> DATA SEGMENT
▼▼▼

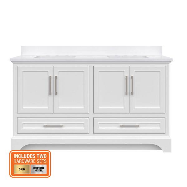 Lareda 60 in. W x 22 in. D x 35 in. H Double Sink Freestanding Bath Vanity in White with White Engineered Stone Top
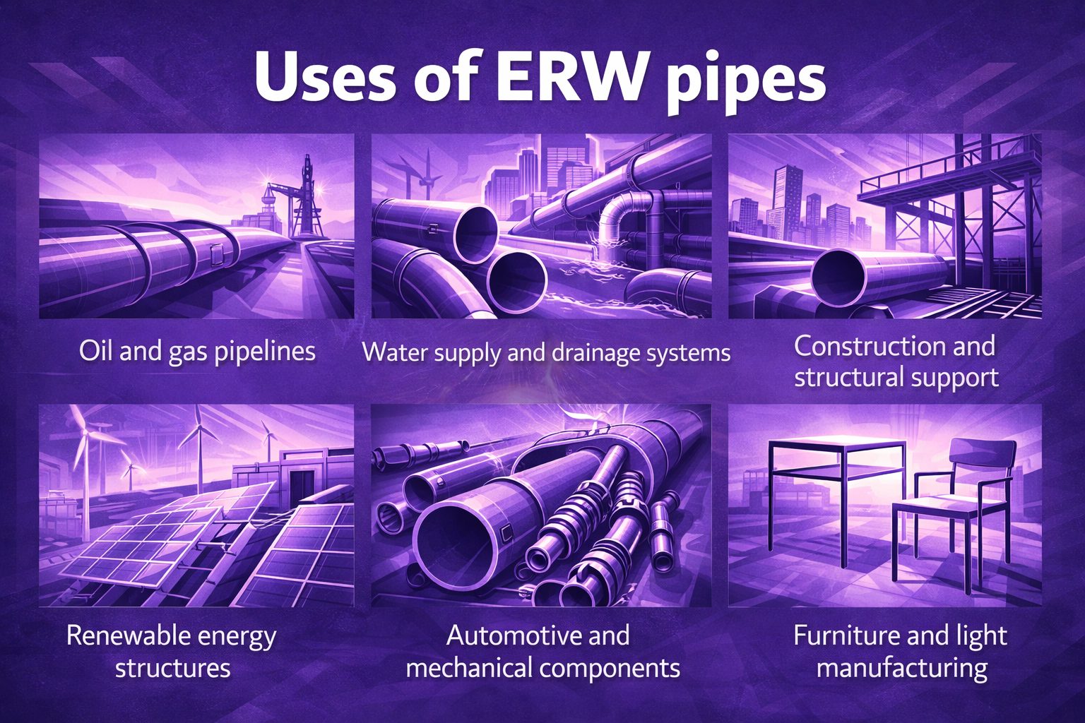 ERW pipes are used across multiple industries due to their strength, consistent quality, and cost efficiency. These pipes are suitable for transporting fluids, supporting structures, and manufacturing industrial components. As a result, ERW pipe applications continue to expand in infrastructure, energy, and manufacturing sectors.
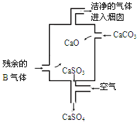 ②在工业生产中B气体的大量排放被雨水吸收后形成了????????而污染了环境。某工厂净化残余的B气体装置如图,则除去B气体的总反应方程式是????????。

▲▲▲

> THE TASK
Would you copy out every line of the data above exactly, minus the pictures?

> EXERCISE OUTPUT
 Lareda 60 in. W x 22 in. D x 35 in. H Double Sink Freestanding Bath Vanity in White with White Engineered Stone Top
 ERW pipes are used across multiple industries due to their strength, consistent quality, and cost efficiency. These pipes are suitable for transporting fluids, supporting structures, and manufacturing industrial components. As a result, ERW pipe applications continue to expand in infrastructure, energy, and manufacturing sectors.
 ②在工业生产中B气体的大量排放被雨水吸收后形成了????????而污染了环境。某工厂净化残余的B气体装置如图,则除去B气体的总反应方程式是????????。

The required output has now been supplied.